Records drawn from a dataset:
■ ■ ■ ■ ■ ■ ■

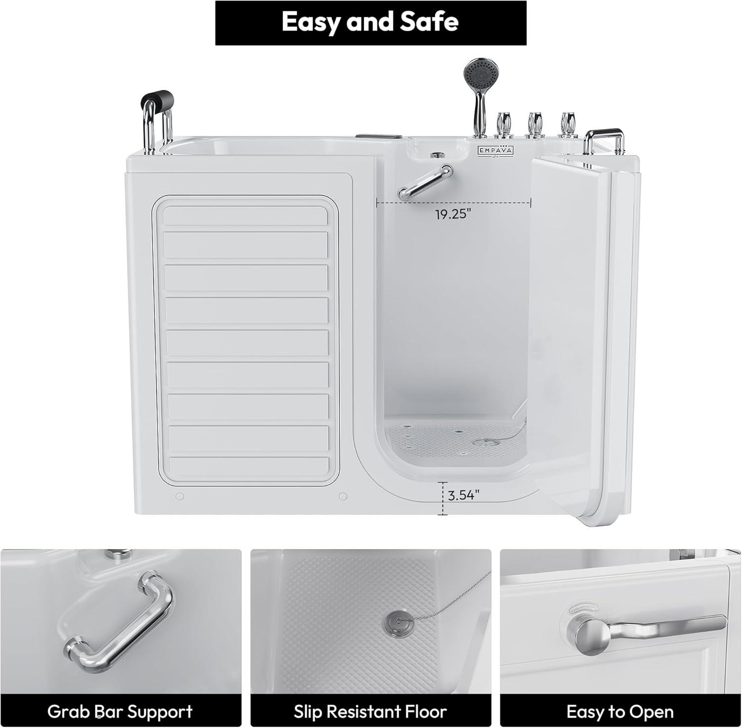 Dual Safety Grab Bars: Equipped with two strategically placed grab bars, this walk in bathtub ensures additional support for users when entering, exiting, or standing up from the seat. These bars are designed to help prevent falls and provide peace of mind to users and caregivers alike.
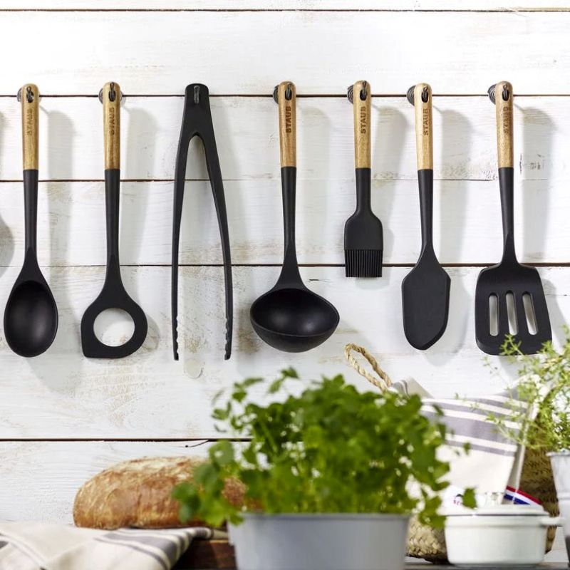 Лопатка кухонная из черного матового силикона с длинной ручкой, изготовленной из древесины акации. Подходит для поверхностей с антипригарным покрытием, не царапает чугун или керамические изделия и термостойкая до 220 ° C, так что лопатка может также использоваться для приготовления пищи. Идеально подходит для переворачивания, разделки и сервировки.
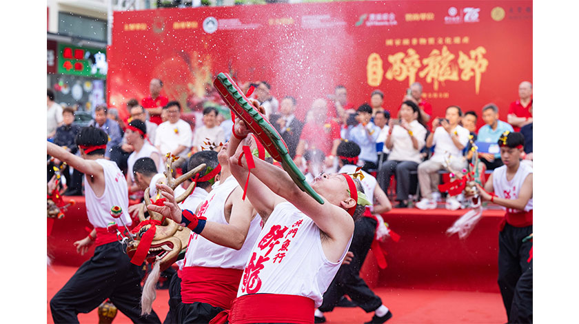 醉龍節活動昨日上午九時在議事亭前地開幕,現場舉行拜神儀式和舞醉龍表演,隨後醉龍醒獅大巡遊,約有一百三十人參與演出,巡遊隊伍途經醉龍館、新馬路、媽閣等地點與民同樂,舞者功架十足,吸引大批市民和旅客觀賞。
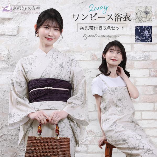 浴衣 セパレート浴衣 帯 2点セット レディース 兵児帯 2点セット 2way ゆかた モダン 着物 和装 (翌日配送対象) (ゆうパック) 爆買
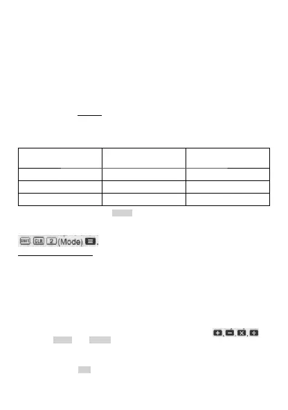 • Pred použitím kalkulátora je nutné špecifikovanie jeho režimu - viď nasledujúcu tabuľku:
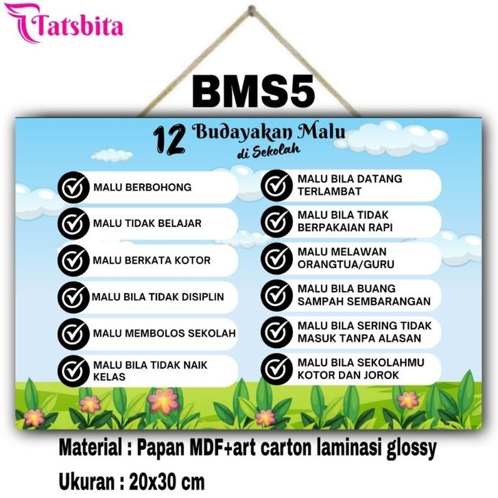 TERLARIS TATSBITA Pajangan Hiasan Dinding Dekorasi Wall Decor 12 Budayakan Malu Di Sekolah Untuk Kelas
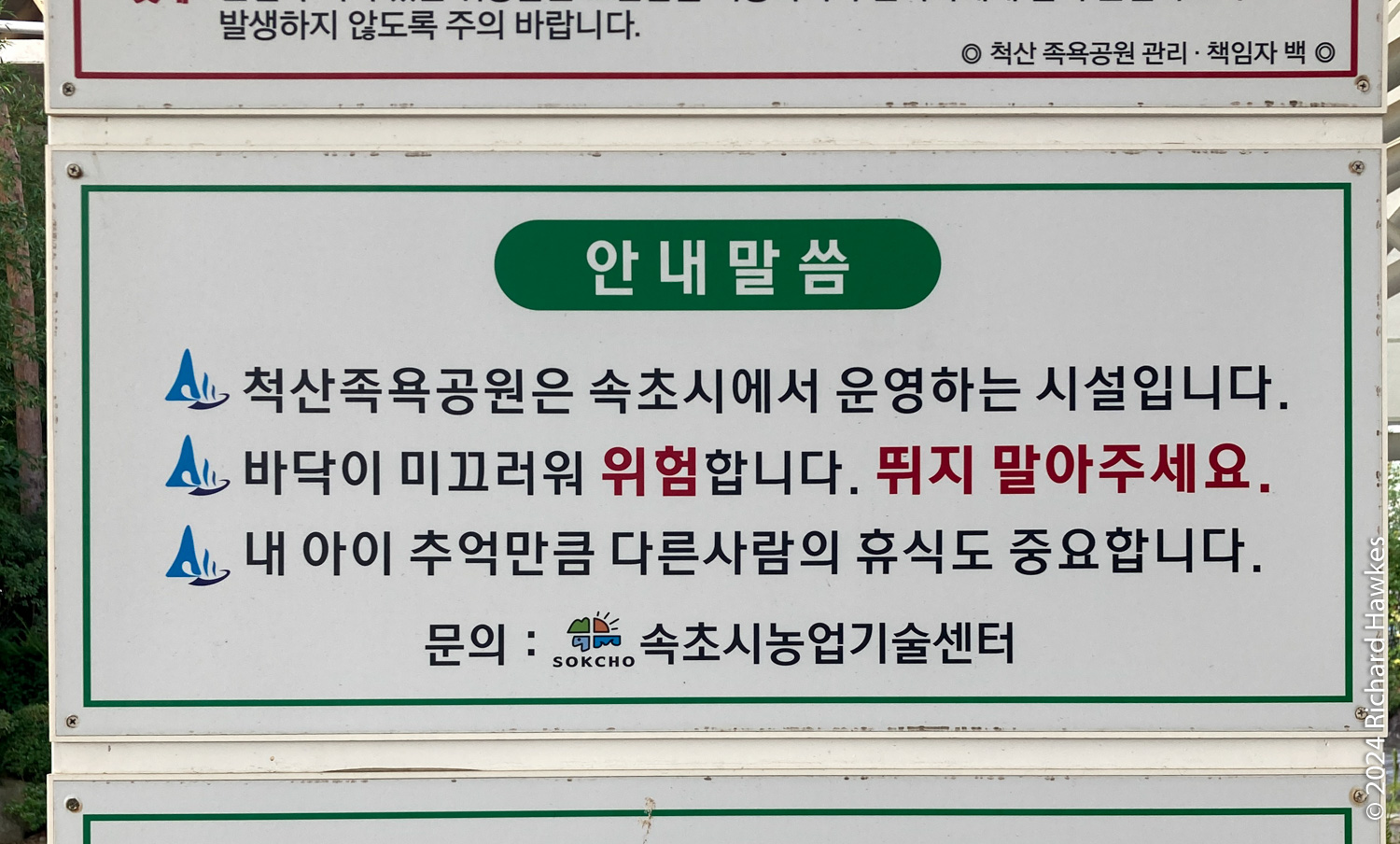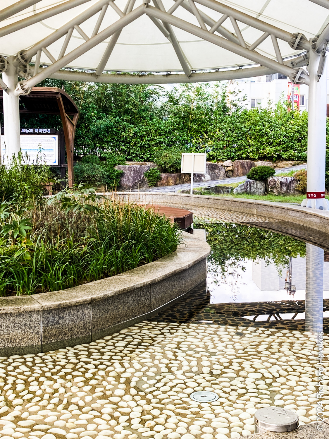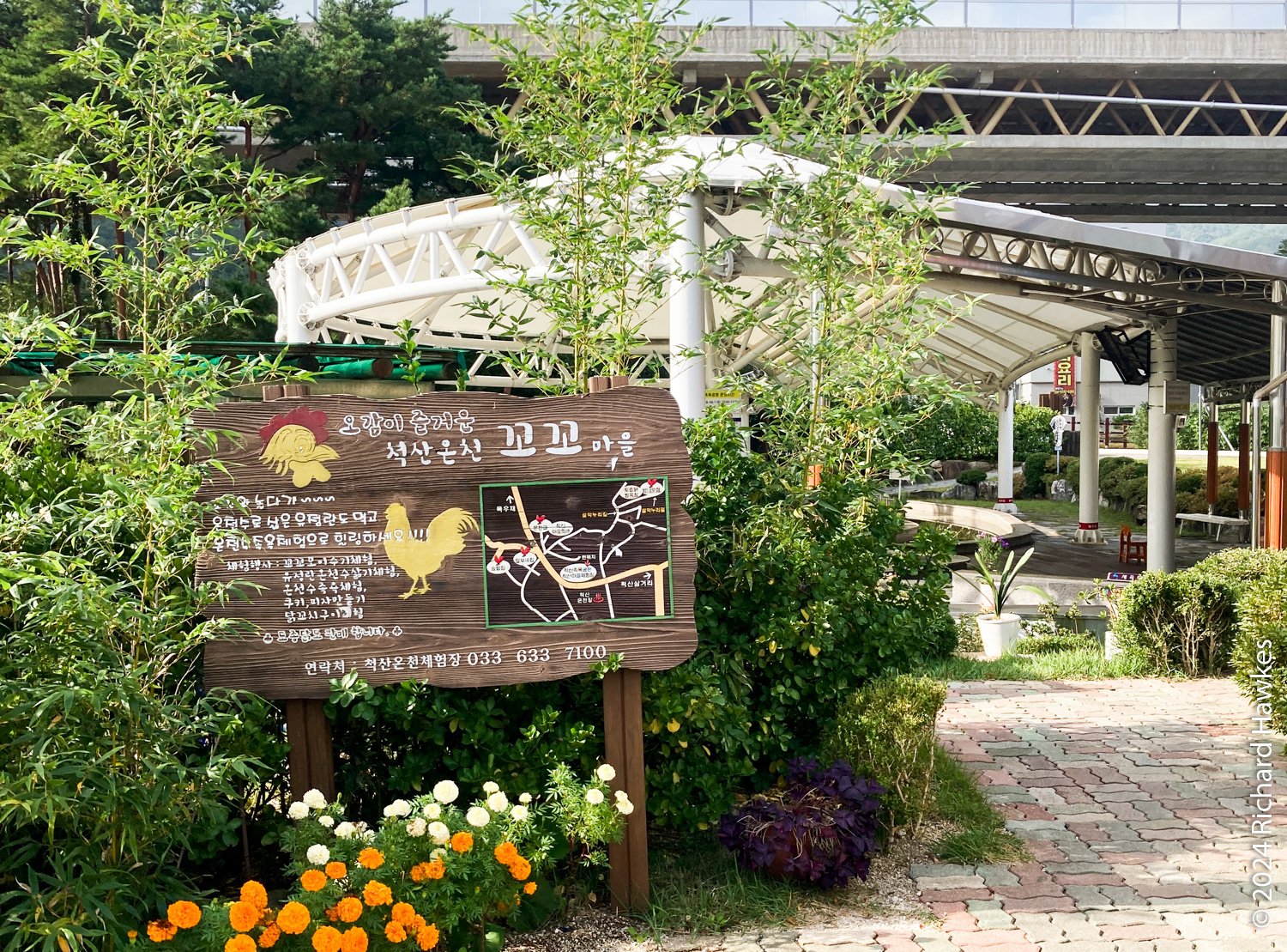 A few minute’s drive from the Pine Resort is Cheoksan Foot Bath Park (jokyuk gongwon 척산족욕공원), a free, community, foot spa. It’s built next to an overpass, so not the most scenic location! However, it’s very nice nonetheless. You just walk in, wash your feet, then sit and soak your feet. You can rent towels and pads to sit on. There are also snacks and coffees for sale. Only the central pool was heated; the out pool was lined with pebbles to give your feet a massage as you walk around, but the water inside wasn’t heated. I sat in the heated section with two or three other people. It was very relaxing. I particularly like the sign mentioning “keep your kids quiet” nicely worded as “Other people’s relaxation is as important as your child’s memories”! Very smooth. Because it was free and I wasn’t renting towels, I got some boiled eggs to eat while soaking my feet. It was the least I could do.

■ ■ ■ ■ ■ ■ ■

WORK INSTRUCTION:
Reproduce exactly the lines above starting at the line containing "Лопатка кухонная из" and ending at the line containing "醉龍節活動昨日上午九時在議事", including both, but not the pictures.

EXERCISE OUTPUT:
 Лопатка кухонная из черного матового силикона с длинной ручкой, изготовленной из древесины акации. Подходит для поверхностей с антипригарным покрытием, не царапает чугун или керамические изделия и термостойкая до 220 ° C, так что лопатка может также использоваться для приготовления пищи. Идеально подходит для переворачивания, разделки и сервировки.
 醉龍節活動昨日上午九時在議事亭前地開幕,現場舉行拜神儀式和舞醉龍表演,隨後醉龍醒獅大巡遊,約有一百三十人參與演出,巡遊隊伍途經醉龍館、新馬路、媽閣等地點與民同樂,舞者功架十足,吸引大批市民和旅客觀賞。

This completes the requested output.